----- Dataset content

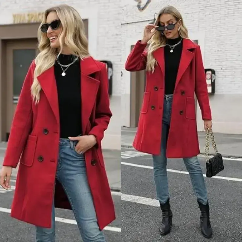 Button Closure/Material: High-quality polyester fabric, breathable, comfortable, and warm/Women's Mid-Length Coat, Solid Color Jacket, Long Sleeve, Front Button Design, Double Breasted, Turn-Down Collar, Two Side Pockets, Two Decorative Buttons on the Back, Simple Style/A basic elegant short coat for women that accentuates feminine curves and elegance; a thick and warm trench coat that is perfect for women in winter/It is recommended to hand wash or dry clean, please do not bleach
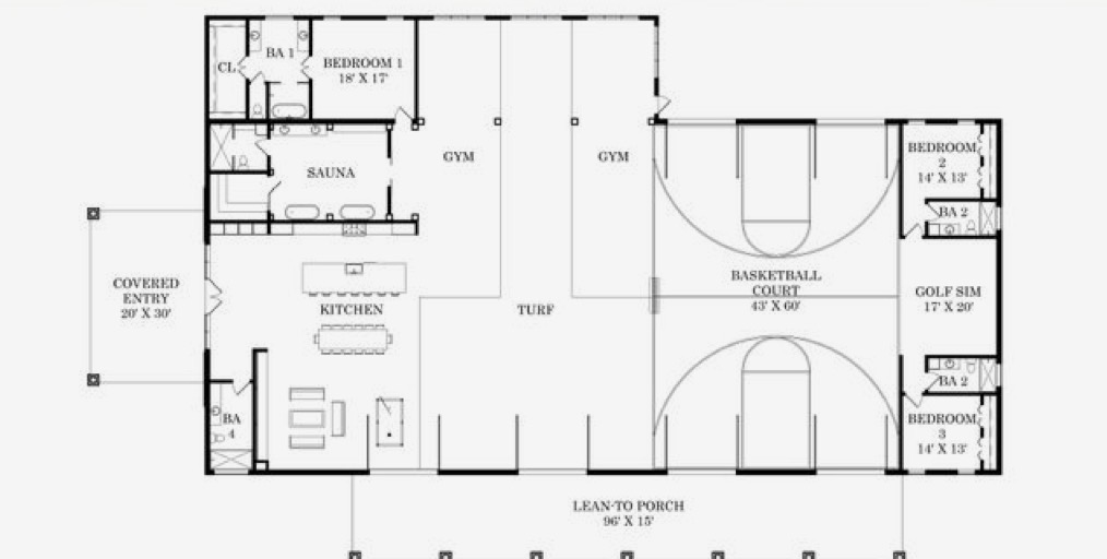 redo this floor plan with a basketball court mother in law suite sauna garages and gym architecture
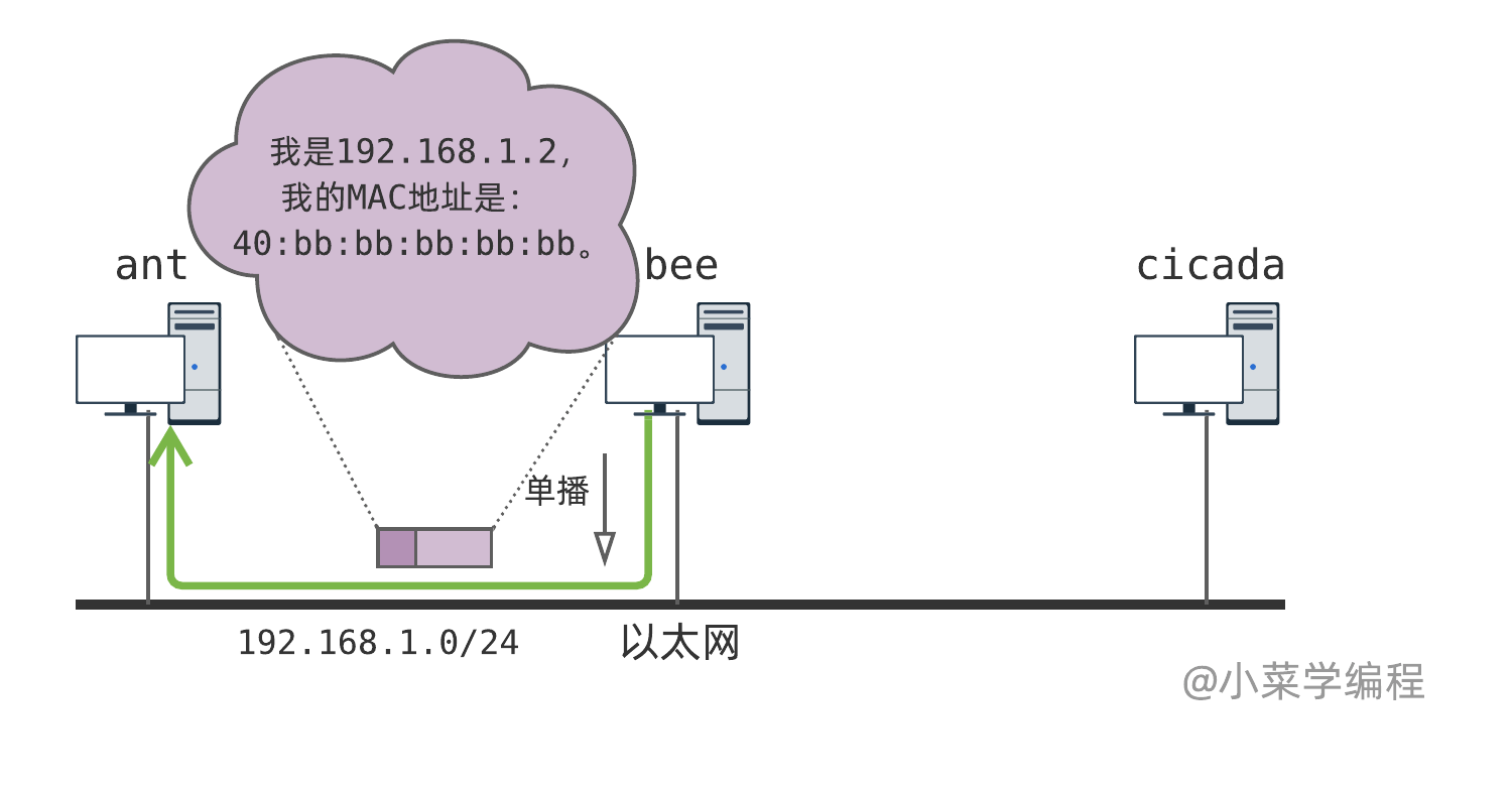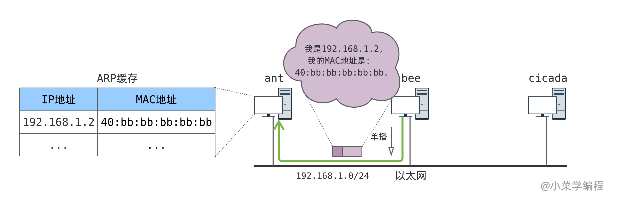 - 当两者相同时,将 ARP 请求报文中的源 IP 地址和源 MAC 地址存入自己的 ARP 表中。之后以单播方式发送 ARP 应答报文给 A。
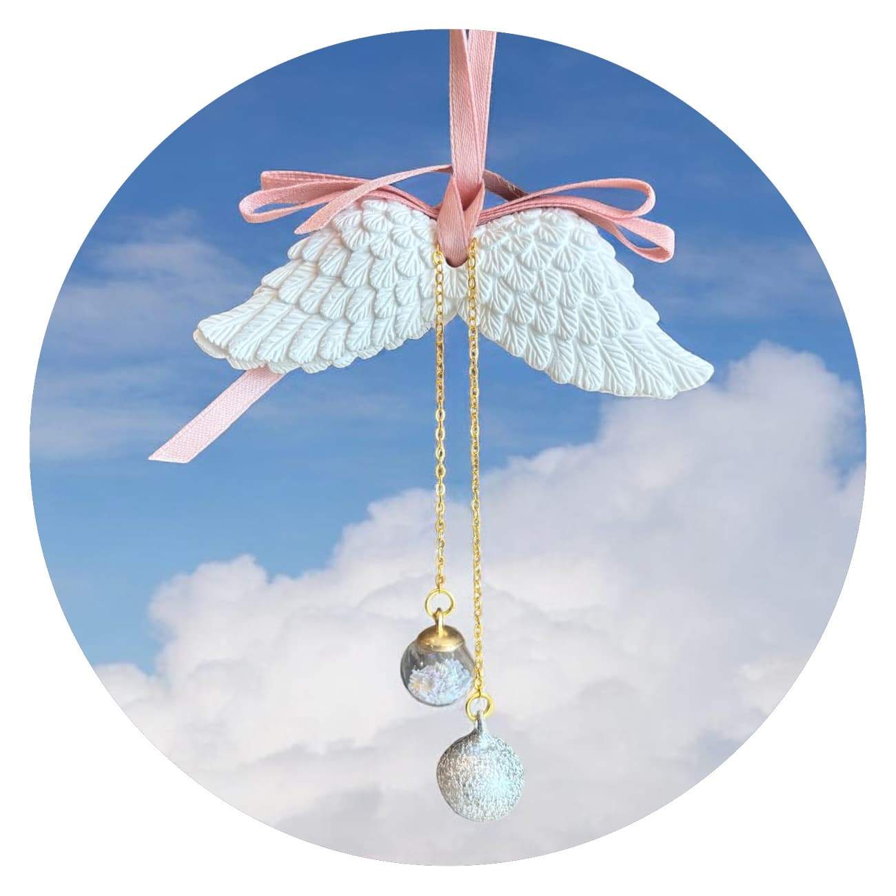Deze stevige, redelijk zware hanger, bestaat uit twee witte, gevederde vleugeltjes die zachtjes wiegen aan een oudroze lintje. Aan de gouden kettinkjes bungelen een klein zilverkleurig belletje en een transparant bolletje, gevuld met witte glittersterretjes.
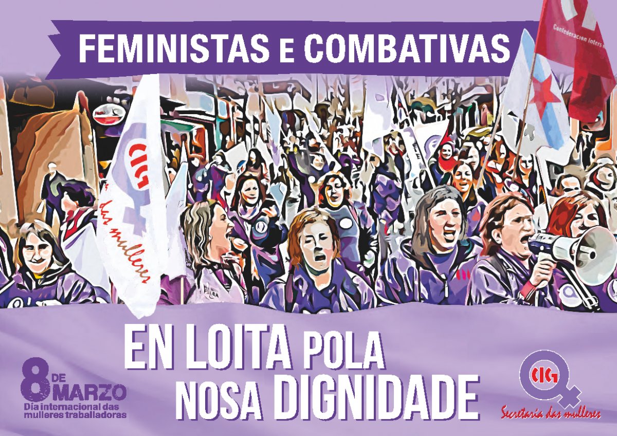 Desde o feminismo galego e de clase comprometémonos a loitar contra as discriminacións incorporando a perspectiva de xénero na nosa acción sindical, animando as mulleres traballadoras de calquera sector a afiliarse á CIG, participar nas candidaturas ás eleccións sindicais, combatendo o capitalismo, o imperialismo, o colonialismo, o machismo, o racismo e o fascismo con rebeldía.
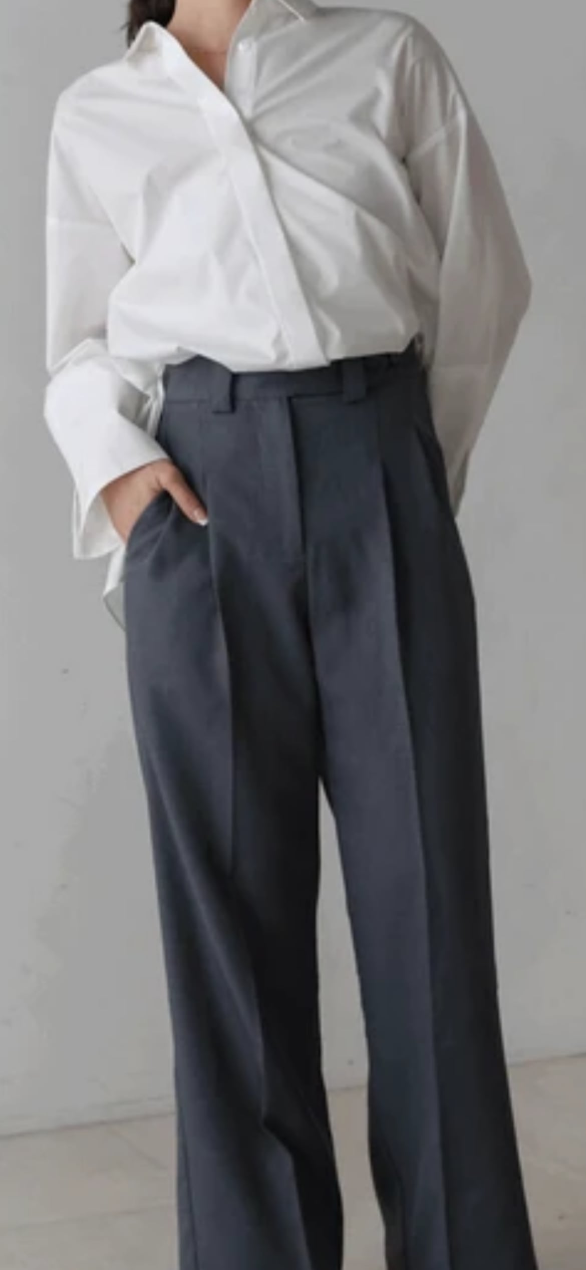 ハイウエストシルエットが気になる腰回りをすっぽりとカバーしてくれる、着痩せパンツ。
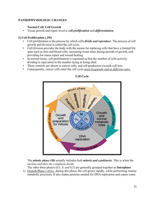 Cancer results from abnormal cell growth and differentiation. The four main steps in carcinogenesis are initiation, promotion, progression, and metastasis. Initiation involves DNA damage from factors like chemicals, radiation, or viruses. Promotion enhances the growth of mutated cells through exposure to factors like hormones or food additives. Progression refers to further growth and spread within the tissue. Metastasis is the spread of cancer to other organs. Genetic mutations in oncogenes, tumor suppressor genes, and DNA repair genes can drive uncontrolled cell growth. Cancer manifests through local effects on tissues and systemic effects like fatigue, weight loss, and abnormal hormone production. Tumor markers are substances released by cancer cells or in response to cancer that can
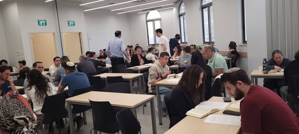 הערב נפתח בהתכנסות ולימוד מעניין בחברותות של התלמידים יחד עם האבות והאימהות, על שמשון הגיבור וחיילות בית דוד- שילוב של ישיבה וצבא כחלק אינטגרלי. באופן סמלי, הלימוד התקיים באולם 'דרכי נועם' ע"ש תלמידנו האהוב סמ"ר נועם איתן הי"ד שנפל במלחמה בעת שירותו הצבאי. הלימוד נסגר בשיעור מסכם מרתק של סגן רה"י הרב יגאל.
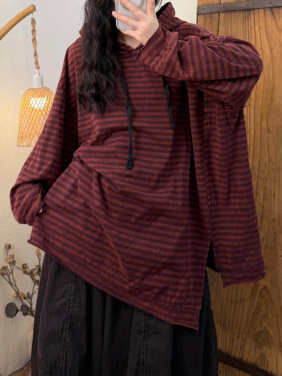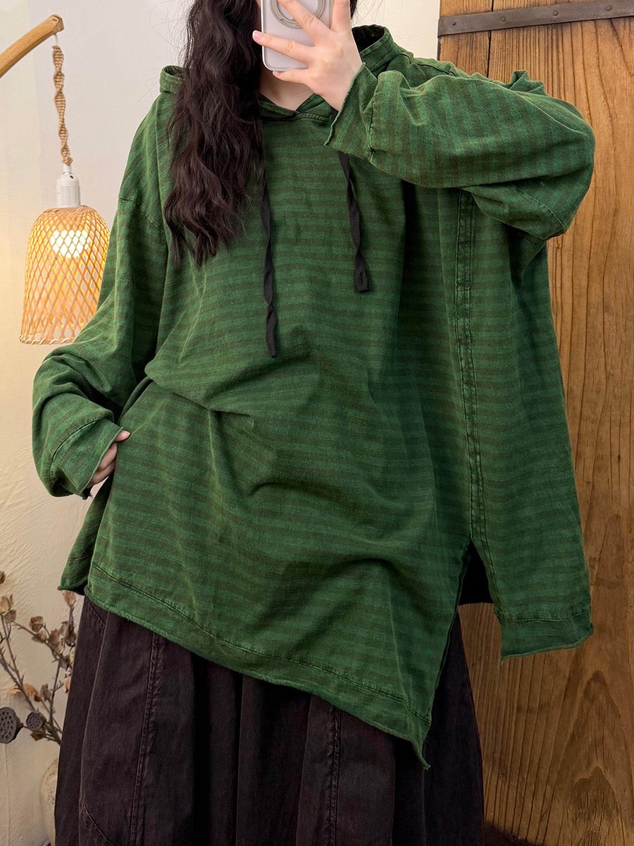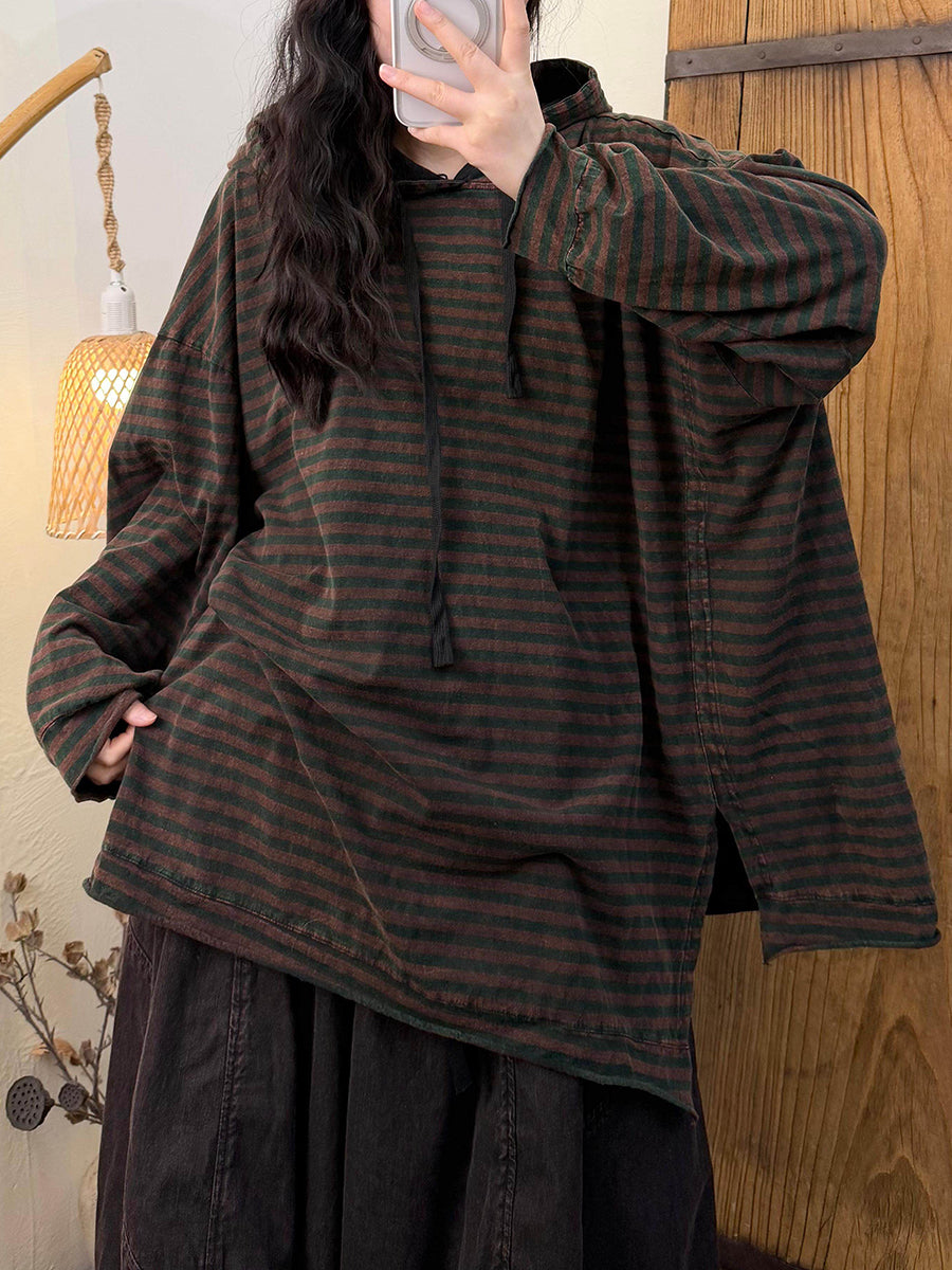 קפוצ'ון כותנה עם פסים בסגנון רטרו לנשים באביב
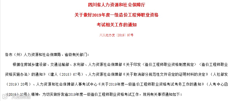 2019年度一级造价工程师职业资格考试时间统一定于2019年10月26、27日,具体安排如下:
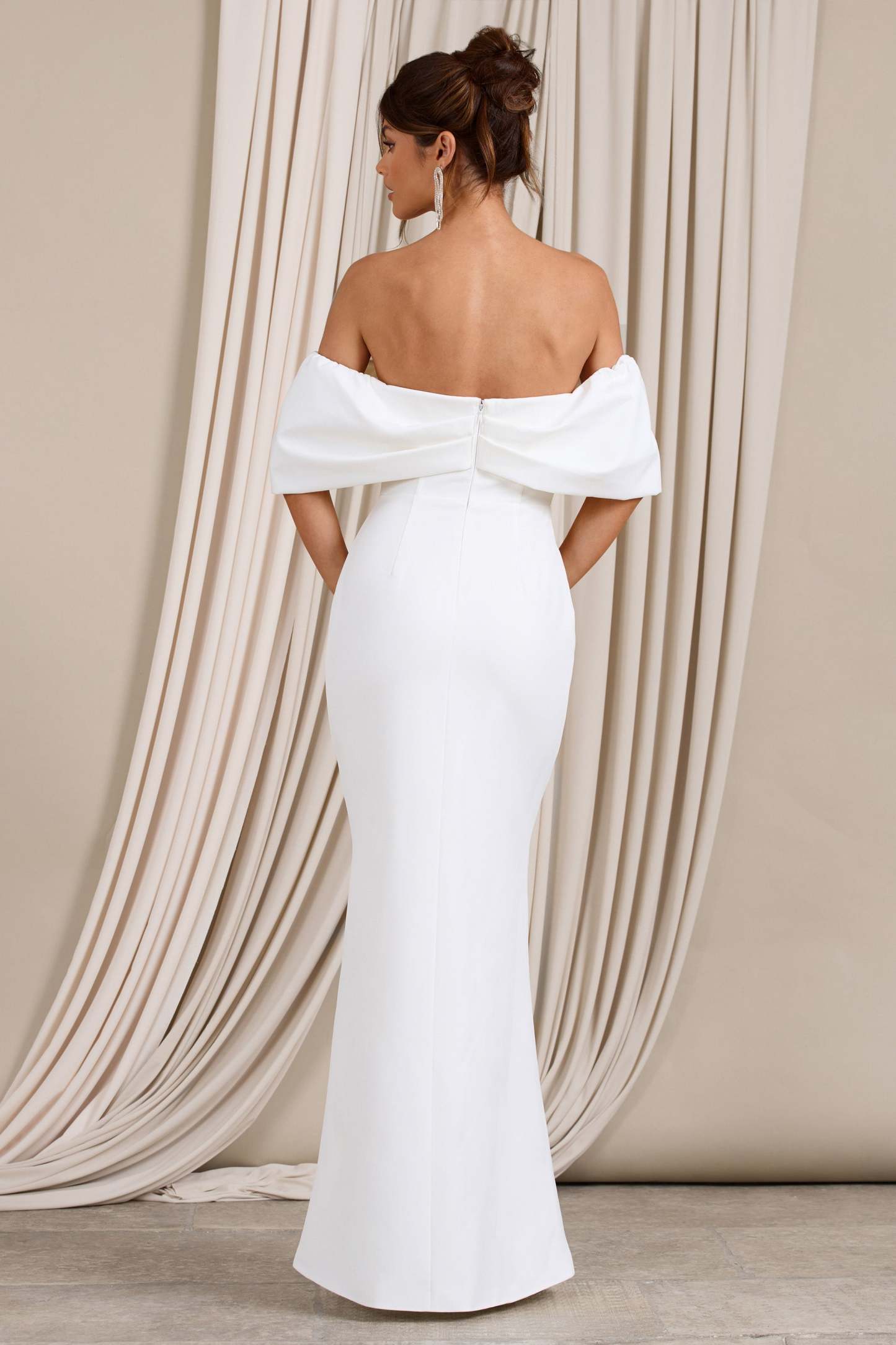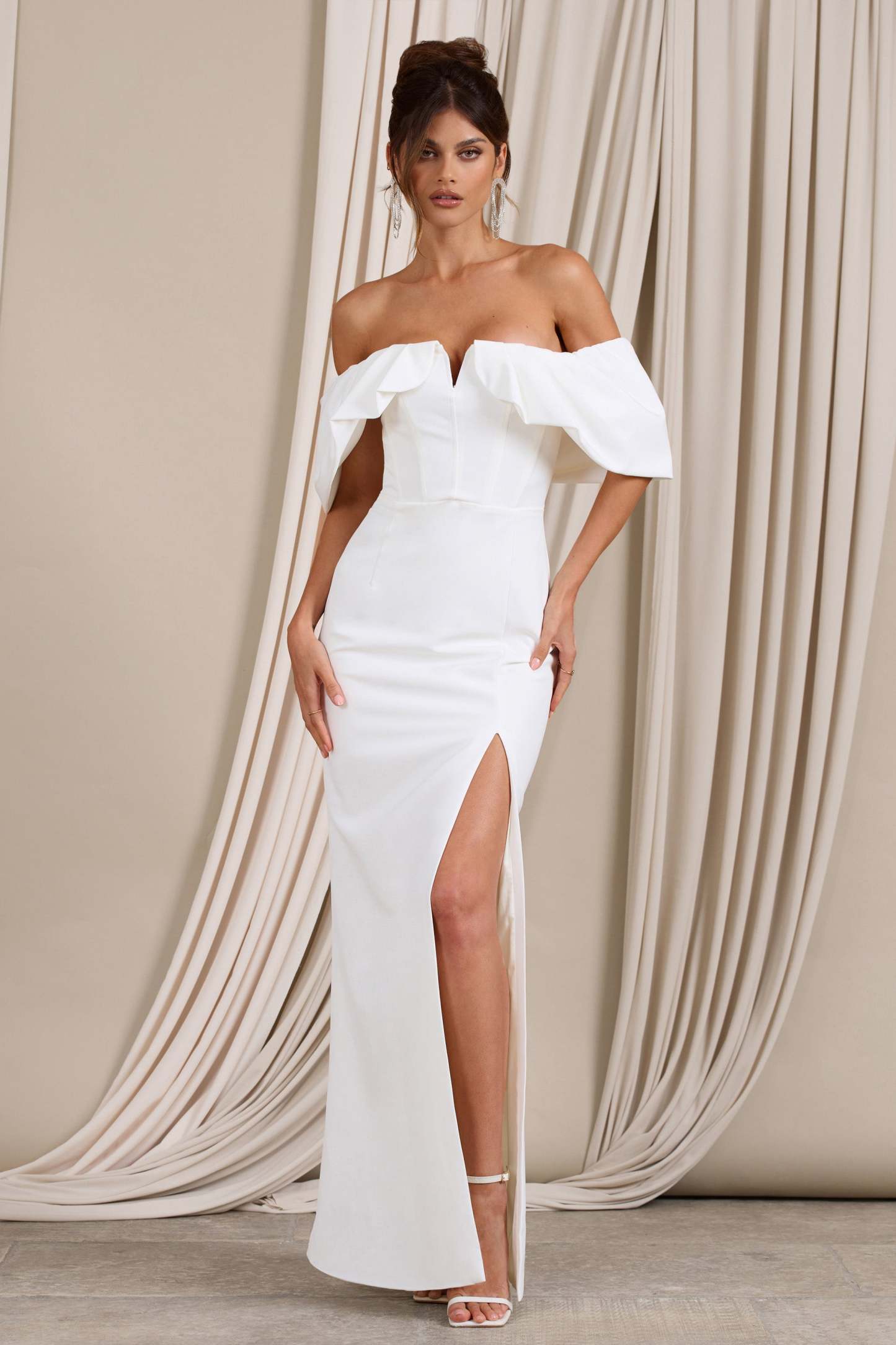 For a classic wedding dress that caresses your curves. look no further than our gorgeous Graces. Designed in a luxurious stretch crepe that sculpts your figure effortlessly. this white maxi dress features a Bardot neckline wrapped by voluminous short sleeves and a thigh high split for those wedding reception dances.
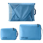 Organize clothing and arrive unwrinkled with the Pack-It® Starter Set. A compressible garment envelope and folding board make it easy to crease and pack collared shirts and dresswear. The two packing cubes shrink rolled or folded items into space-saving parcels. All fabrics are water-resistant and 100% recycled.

----------

# What to work on
From the first line above down to the line with "- 当两者相同时,将 ARP", reproduce every line and no others, omitting pictures.

# Solution for this task
 Button Closure/Material: High-quality polyester fabric, breathable, comfortable, and warm/Women's Mid-Length Coat, Solid Color Jacket, Long Sleeve, Front Button Design, Double Breasted, Turn-Down Collar, Two Side Pockets, Two Decorative Buttons on the Back, Simple Style/A basic elegant short coat for women that accentuates feminine curves and elegance; a thick and warm trench coat that is perfect for women in winter/It is recommended to hand wash or dry clean, please do not bleach
 redo this floor plan with a basketball court mother in law suite sauna garages and gym architecture
 - 当两者相同时,将 ARP 请求报文中的源 IP 地址和源 MAC 地址存入自己的 ARP 表中。之后以单播方式发送 ARP 应答报文给 A。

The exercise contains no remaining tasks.